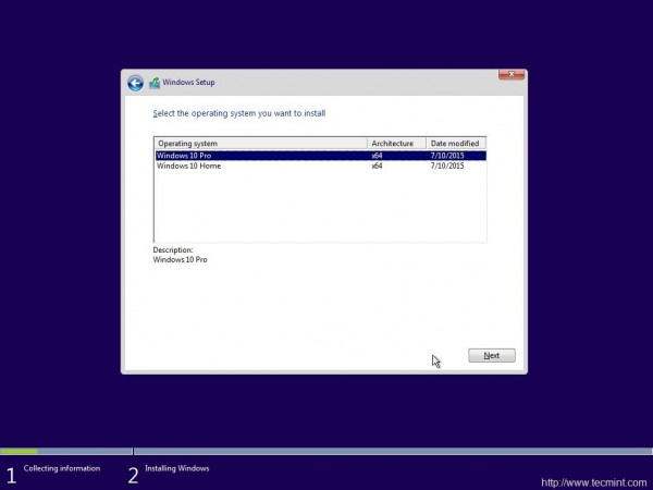 5. 从列出的操作系统中进行选择。我选择了“Windows 10 Pro”。
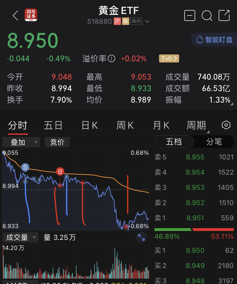 $黄金ETF(SH518880)$ 做做T,因为有原始仓位,地位加了仓,今天显示单股不赚不亏。
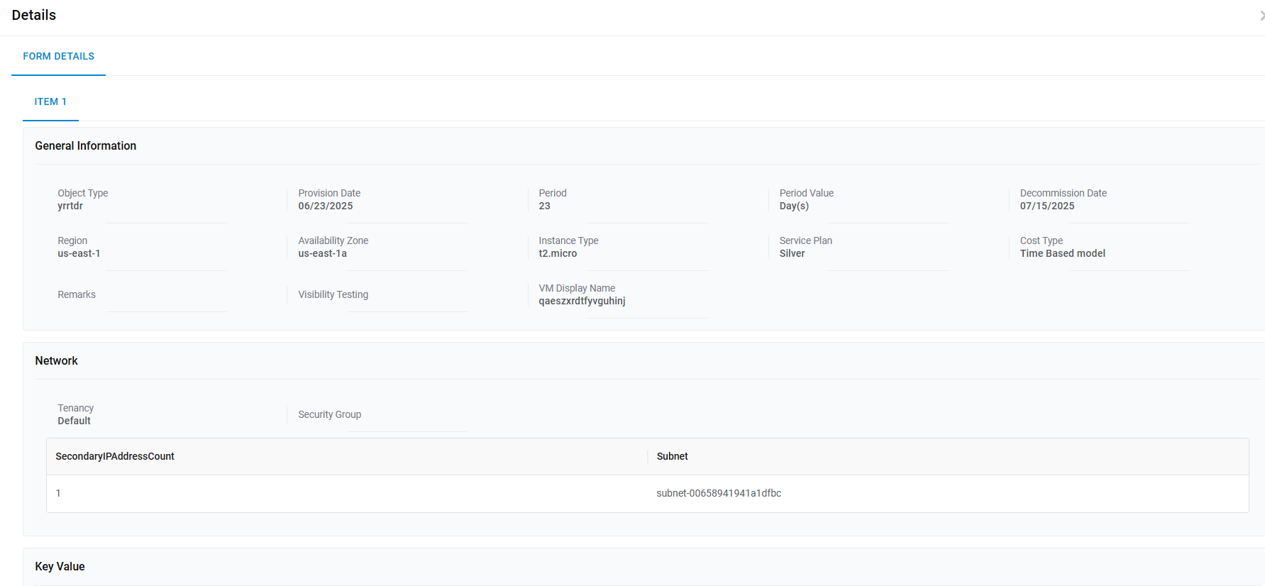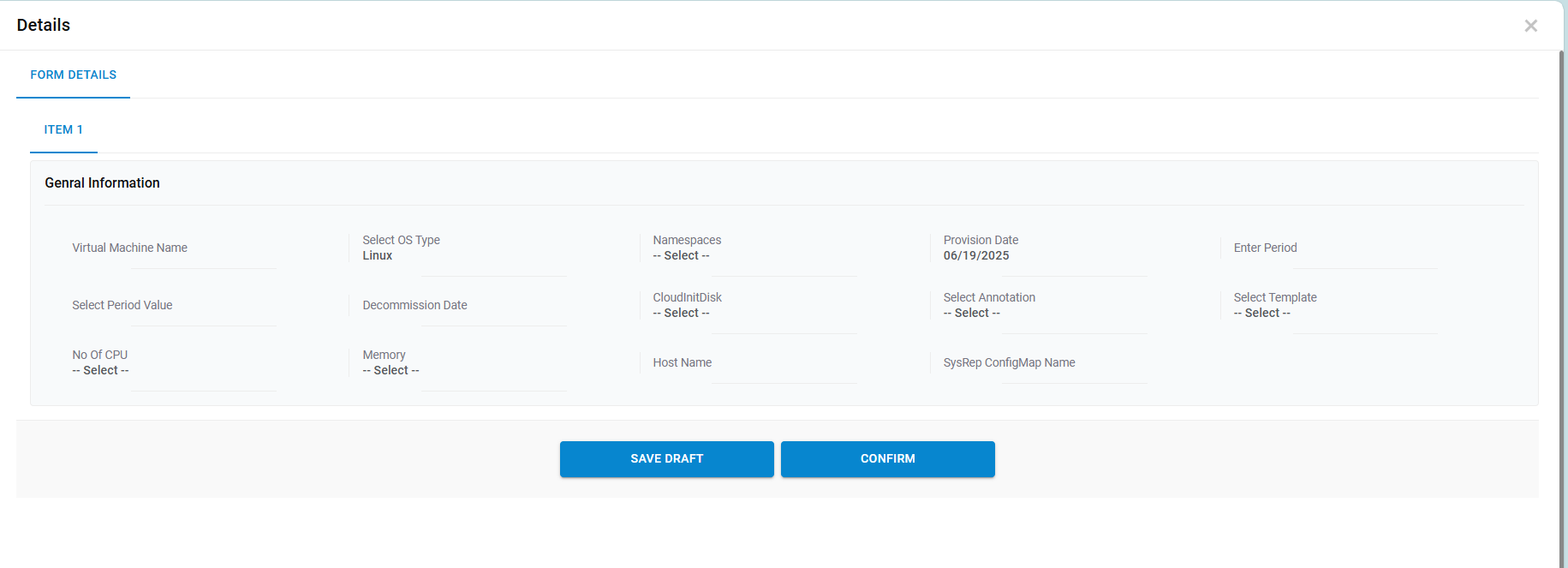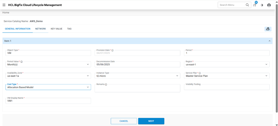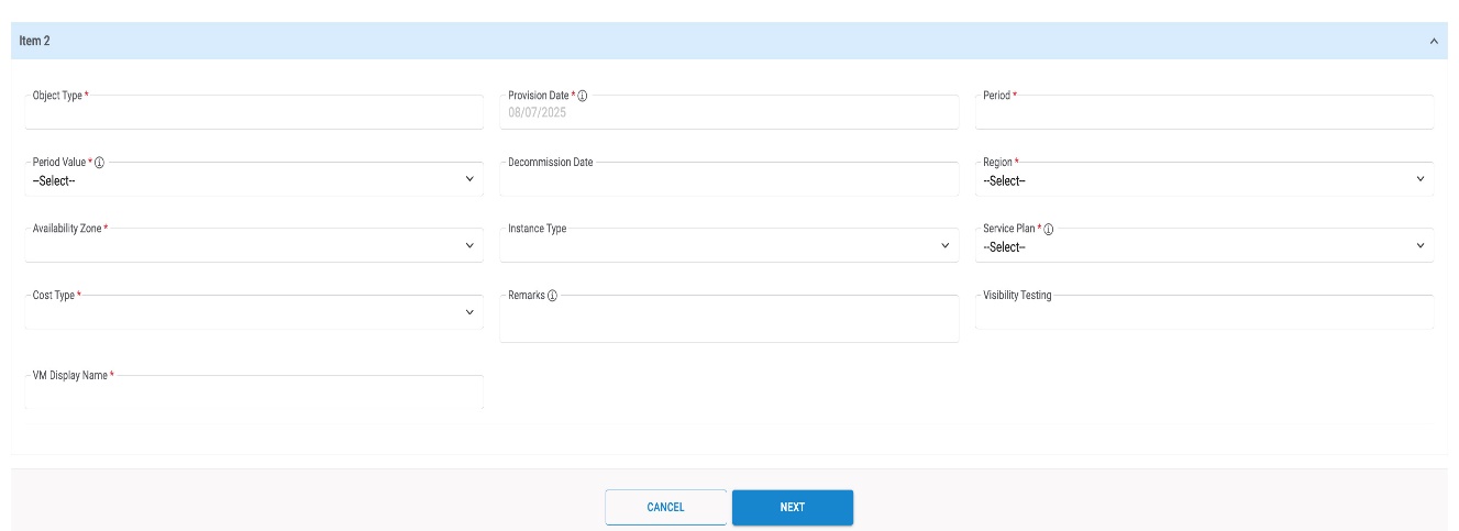 | VM Display Name | Name to be displayed against the Resource being created |
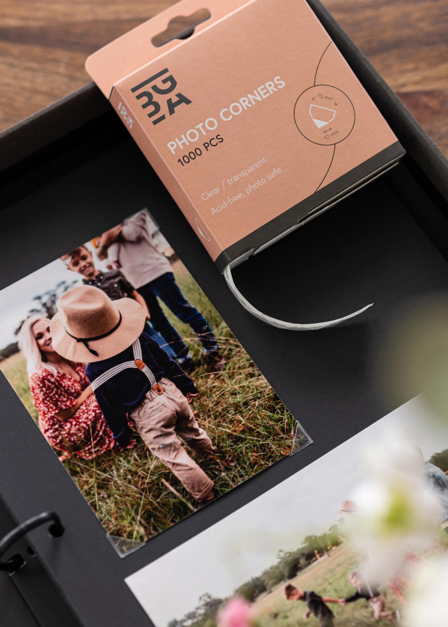 ¡Con las esquinas adhesivas para fotos, el montaje de tus imágenes es rápido y fácil! Estas esquinas transparentes también son libres de ácido, lo que significa que son suaves con tus fotos e imágenes. El paquete incluye 1000 esquinas para fotos en medidas de 10x15 mm.
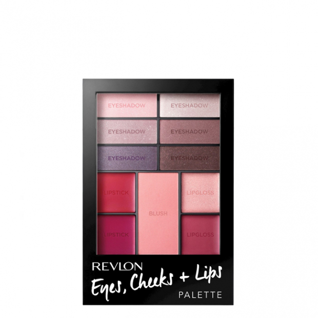 Revlon Eyes, Cheeks + Lips Paleta é uma paleta versátil, que combina tons de blush, sombras e batom, para um look original.
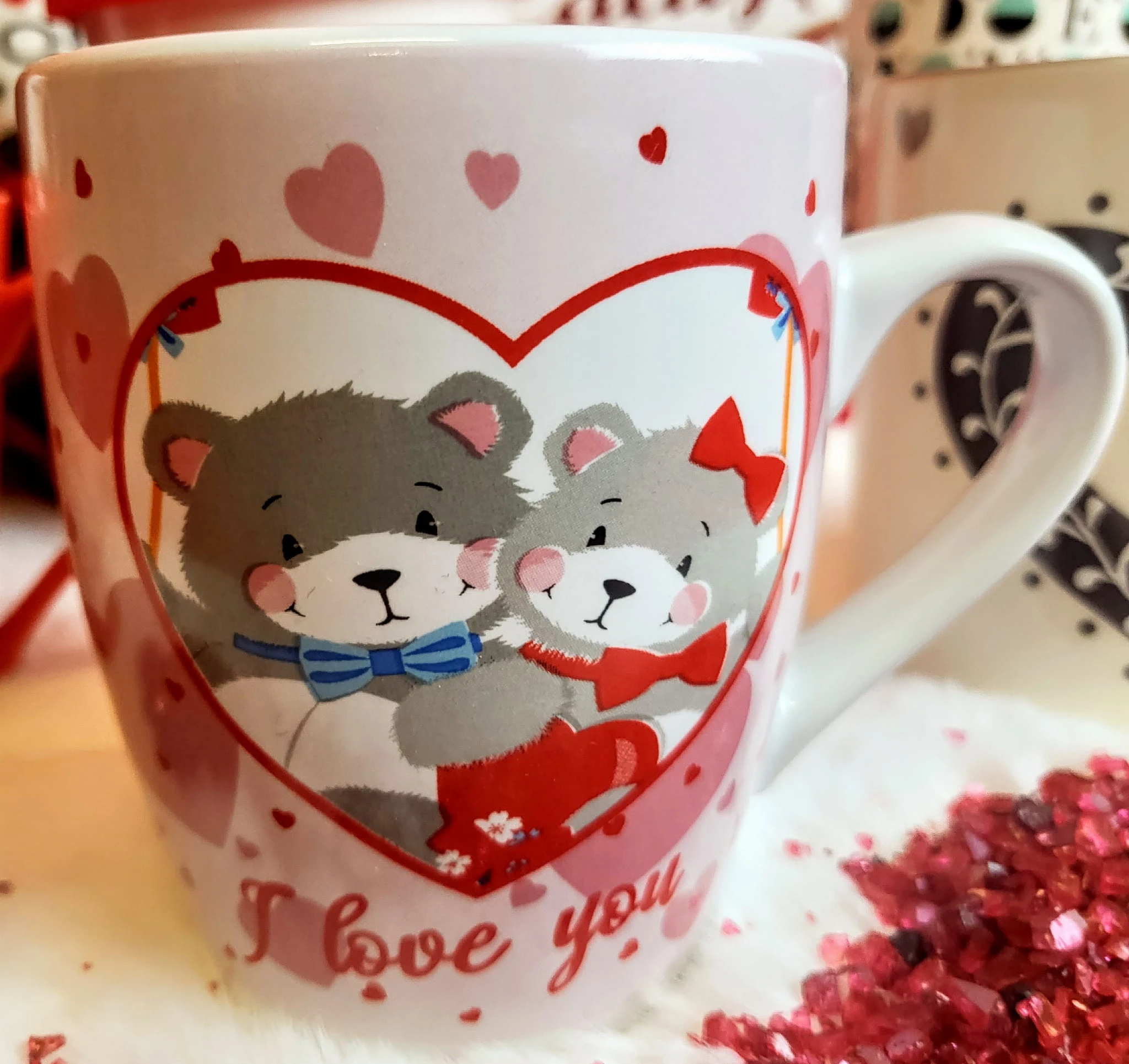 Kubek z motywem miłosnym, z zakochanymi misiami i napisem 'i love you'.

========================================================================

• _Exercise goal_: Please retype all the entries word for word, omitting the pictures.

• _Exercise result_:
 5. 从列出的操作系统中进行选择。我选择了“Windows 10 Pro”。
 $黄金ETF(SH518880)$ 做做T,因为有原始仓位,地位加了仓,今天显示单股不赚不亏。
 | VM Display Name | Name to be displayed against the Resource being created |
 ¡Con las esquinas adhesivas para fotos, el montaje de tus imágenes es rápido y fácil! Estas esquinas transparentes también son libres de ácido, lo que significa que son suaves con tus fotos e imágenes. El paquete incluye 1000 esquinas para fotos en medidas de 10x15 mm.
 Revlon Eyes, Cheeks + Lips Paleta é uma paleta versátil, que combina tons de blush, sombras e batom, para um look original.
 Kubek z motywem miłosnym, z zakochanymi misiami i napisem 'i love you'.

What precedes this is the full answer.